最低気温が10℃を切って、朝夕寒く感じる頃に、花を咲かせるのが菊である。秋深くなって咲くためか、菊が長寿の妙薬であることが、昔から信じられてきた。話は古代中国の魏の文帝の治世にさかのぼる。皇帝から長寿の妙薬を探すように命じられた勅使の一行が、霊水の源を訪ねてレッケン山という山に入った。そこで邂逅したのが慈童という若者であった。姿は若者であったが、菊の葉から滴る露で霊薬になった沢の水を飲んだところ、700年経っても昔のままの姿であるいう。

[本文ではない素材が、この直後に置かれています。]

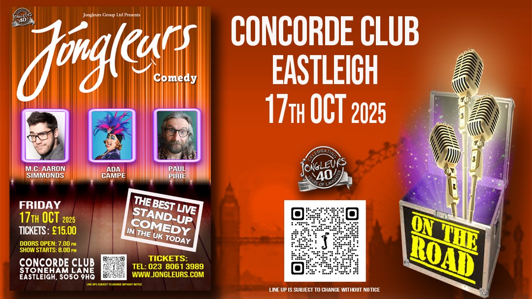 🎤 JONGLUERS COMEDY NIGHT – CONCORD CLUB📅 Friday 17th October 2025📍 Concord Club, Eastleigh🕖 Doors Open: 7.00PM | 🎭 Show Starts: 8.00PM🎟️ Tickets: Only £15 – available now at 👉 www.jongleurs.com Get ready, Eastleigh – because Jongleurs Comedy Club is back at the Concord Club for another unmissable night of big laughs, brilliant acts, and … Continued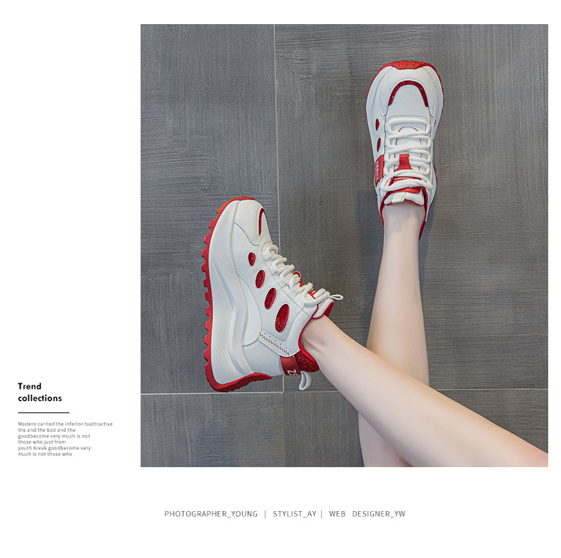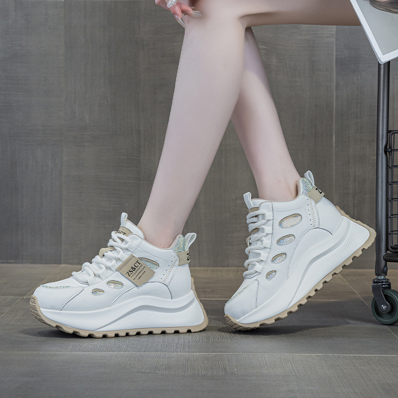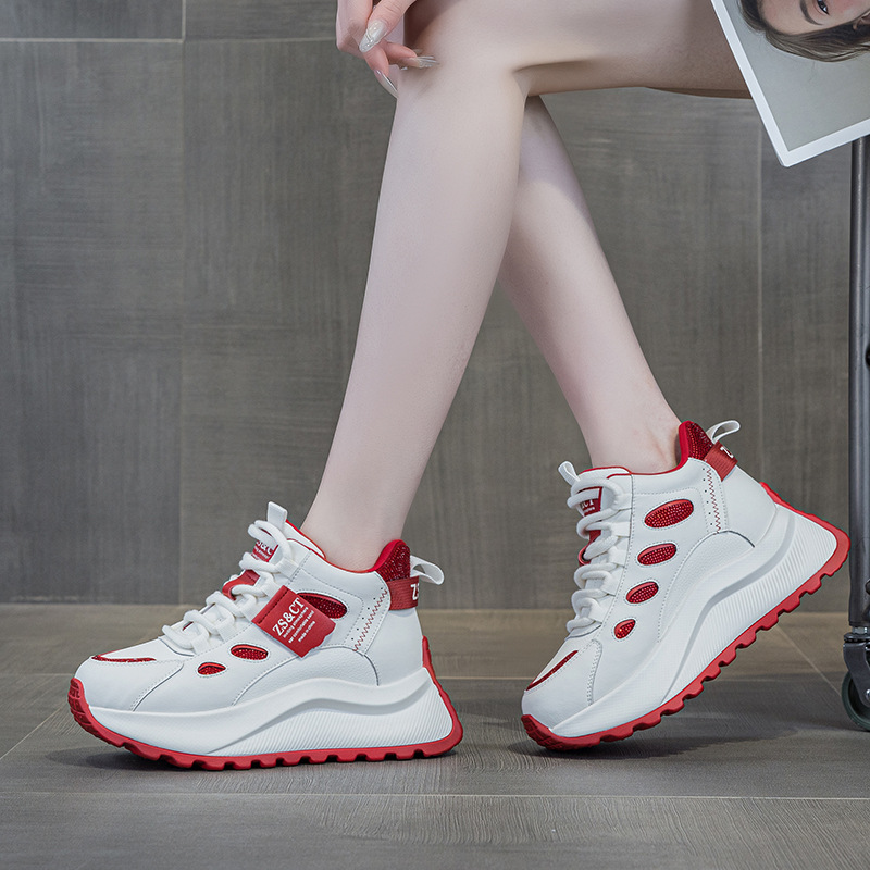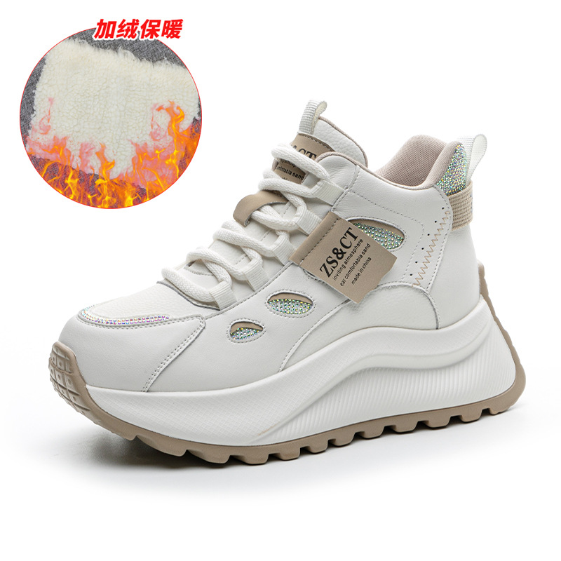 9972 정품 가죽 하이 탑 신발 여성 2025 새로운 폭발 올 매치 가을 및 겨울 두꺼운 스포츠 캐주얼 신발

さっそく勅使は沢の水を汲み、帝に献呈した。

新潟に菊水という酒がある。この酒の醸造場が国道沿いにあるので、誰でも寄って試飲し、この酒を求めることができる。この蔵から宣伝を依頼された訳でもないが、おいしい酒だ。ただし、アルコール度が他の酒に比べて高いので、少量を飲んでも酔う。菊水は、9月9日の重陽の日に酒に菊の花びらを浮かべて飲むと長生きするという中国の風習から命名されたものであろう。その奥には、慈童の伝説があることは、容易に想像できる。だが、その後文帝が不老長寿であったという記録は、歴史に残っていない。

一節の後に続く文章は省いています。